● **What to produce**
For the data below, retype word for word the lines from the one containing "Gambar di atas" through the one containing "Киевская дружина, стоявшая"; drop the pictures.

● **Supplied material**
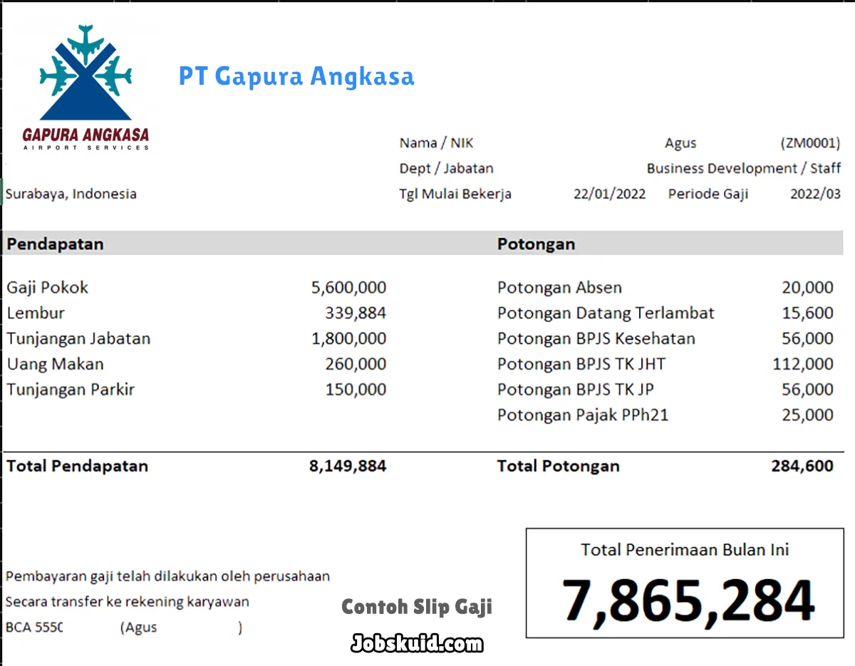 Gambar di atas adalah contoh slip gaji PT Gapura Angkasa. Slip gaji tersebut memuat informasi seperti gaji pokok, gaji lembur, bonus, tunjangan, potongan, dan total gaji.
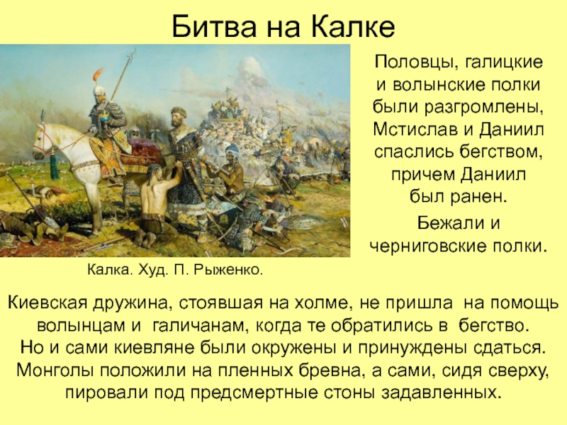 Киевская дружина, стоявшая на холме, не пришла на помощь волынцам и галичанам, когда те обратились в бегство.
---
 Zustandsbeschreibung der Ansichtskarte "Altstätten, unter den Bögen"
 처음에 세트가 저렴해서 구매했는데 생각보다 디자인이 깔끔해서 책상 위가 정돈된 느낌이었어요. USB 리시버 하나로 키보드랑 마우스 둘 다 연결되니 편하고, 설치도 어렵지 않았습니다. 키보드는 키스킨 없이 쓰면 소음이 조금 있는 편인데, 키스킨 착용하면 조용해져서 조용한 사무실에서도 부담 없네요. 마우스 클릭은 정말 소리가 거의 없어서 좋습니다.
--
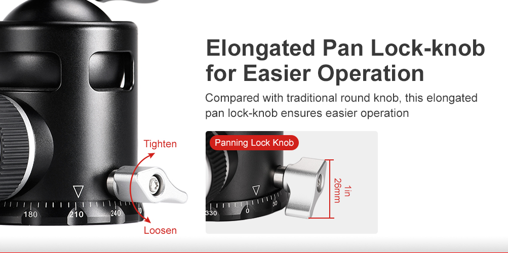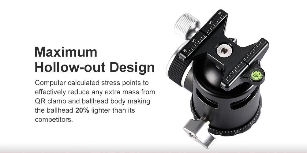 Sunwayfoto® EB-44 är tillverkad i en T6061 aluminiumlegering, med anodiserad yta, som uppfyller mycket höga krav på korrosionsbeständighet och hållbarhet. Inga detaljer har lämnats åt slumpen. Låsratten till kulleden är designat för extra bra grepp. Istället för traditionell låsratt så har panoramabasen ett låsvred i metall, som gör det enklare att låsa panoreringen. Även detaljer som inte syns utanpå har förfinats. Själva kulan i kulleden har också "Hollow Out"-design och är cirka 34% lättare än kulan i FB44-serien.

● **Answer space**
 Gambar di atas adalah contoh slip gaji PT Gapura Angkasa. Slip gaji tersebut memuat informasi seperti gaji pokok, gaji lembur, bonus, tunjangan, potongan, dan total gaji.
 Киевская дружина, стоявшая на холме, не пришла на помощь волынцам и галичанам, когда те обратились в бегство.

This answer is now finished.